À quinze heures, il quitte la clinique. Il conduit très vite sur la route en lacets. À l’entrée de la maison, la voiture dérape sur les graviers. Il doit s’y prendre à deux fois. Il recule, prend son élan et accélère pour pénétrer dans le parc.

Adèle est couchée dans l’herbe. Lucien joue à côté d’elle.

« Je n’arrête pas de t’appeler. Pourquoi tu ne réponds pas ?

— On s’est endormis.

— Je croyais qu’il t’était arrivé quelque chose.

— Mais non. »

Il lui tend la main et l’aide à se lever.

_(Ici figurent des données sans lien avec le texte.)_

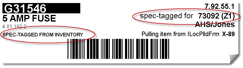A number of users requested this, so now it's here. There's no specific need for you to know how to do it, because it's built into the spec-tagging process. Just do the normal process to create a spec-tag, and a dialog will ask if you want to print a spec-tag label. The label has some differences that fit the circumstance:

« C’est ce soir qu’ils viennent dîner.

— Oh, tu ne veux pas annuler ? On reste tous les trois, nous serons tellement mieux.

— Non, on ne peut pas annuler au dernier moment. Ça ne se fait pas.

— Il faut que tu m’emmènes faire les courses alors. Je ne peux pas marcher jusque là-bas. C’est trop loin. »

Elle entre dans la maison. Il l’entend claquer une porte.

Richard s’approche de son fils. Il passe sa main dans ses cheveux bouclés, l’attrape par la taille. « Tu es resté avec maman aujourd’hui ? Qu’est-ce que vous avez fait, raconte-moi. » Lucien essaie d’échapper à son emprise, ne répond pas, mais Richard insiste. Il regarde tendrement le petit espion et lui repose la question. « Vous avez joué ? Vous avez fait des dessins ? Lucien, raconte-moi ce que vous avez fait. »

Adèle a installé la table dans le jardin, à l’ombre de l’arbre à mirabelles. Elle a changé deux fois de nappe et elle a mis un bouquet au centre, avec des fleurs du jardin. Les fenêtres de la cuisine sont ouvertes mais l’air est brûlant. Lucien est assis sur le sol, aux pieds de sa mère. Elle lui a donné une petite planche et un couteau en plastique et il coupe une courgette bouillie en tout petits morceaux.

« C’est comme ça que tu t’habilles ? »

Adèle porte une robe bleue, à imprimés fleuris, dont les fines bretelles se croisent dans le dos, dévoilant ses épaules et ses bras maigres.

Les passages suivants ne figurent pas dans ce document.